### Recorded data

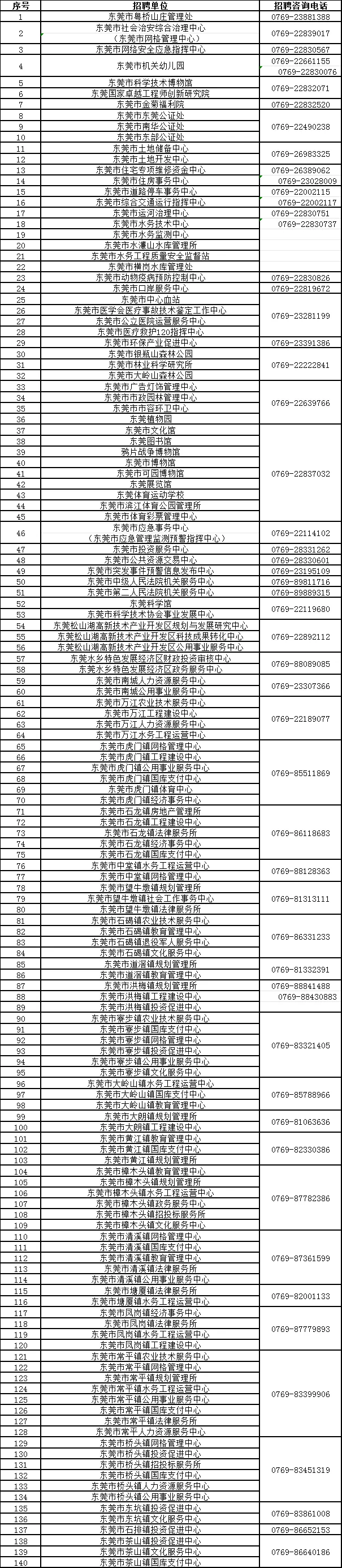 广东省事业单位2026年集中公开招聘高校毕业生东莞考区招聘单位咨询电话公告
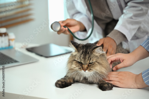 Professional veterinarian with stethoscope examining Maine Coon cat at veterinary clinic. Pet health care concept
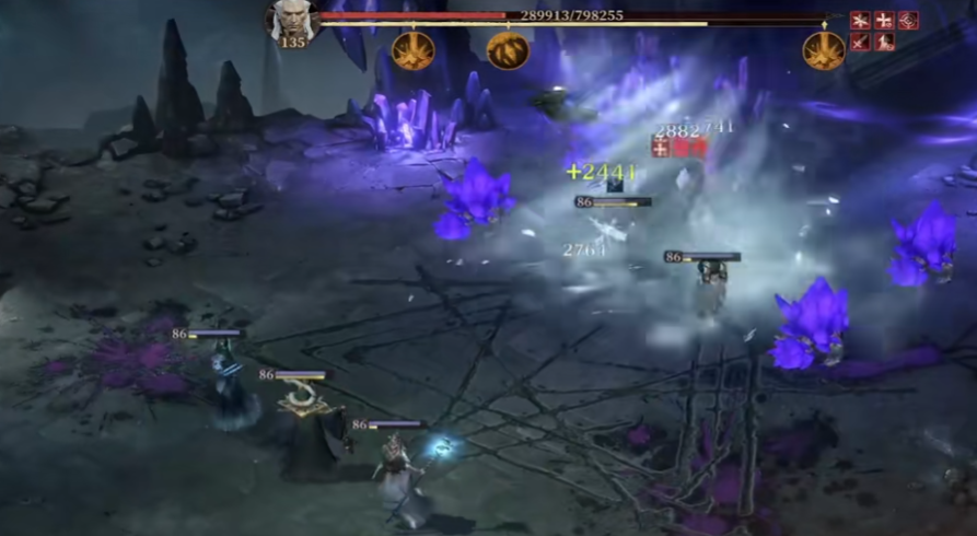 在第二阶段时boss的技能冷却时间会变得更长,当它的血量下降到一定程度时会召唤出两只小怪。其中一只小怪会为它施加无敌的护盾,因此需要优先击杀,另一只小怪则躲在死角很难去直接进行攻击,需要手动操作来慢慢的进行消磨。到了第三阶段的难度就很小了,自动技能就足以应对。
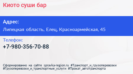 Киото, суши-бар по адресу Липецкая область, Елец, Красноармейская, 45 в дальнейшем Организация, размещена в следующих категориях:

######

What needs to be done:
Exactly reproduce the lines that run from the first line of the listing above to the line containing "在第二阶段时boss的技能冷", including both; omit the pictures.

Solution:
 广东省事业单位2026年集中公开招聘高校毕业生东莞考区招聘单位咨询电话公告
 Professional veterinarian with stethoscope examining Maine Coon cat at veterinary clinic. Pet health care concept
 在第二阶段时boss的技能冷却时间会变得更长,当它的血量下降到一定程度时会召唤出两只小怪。其中一只小怪会为它施加无敌的护盾,因此需要优先击杀,另一只小怪则躲在死角很难去直接进行攻击,需要手动操作来慢慢的进行消磨。到了第三阶段的难度就很小了,自动技能就足以应对。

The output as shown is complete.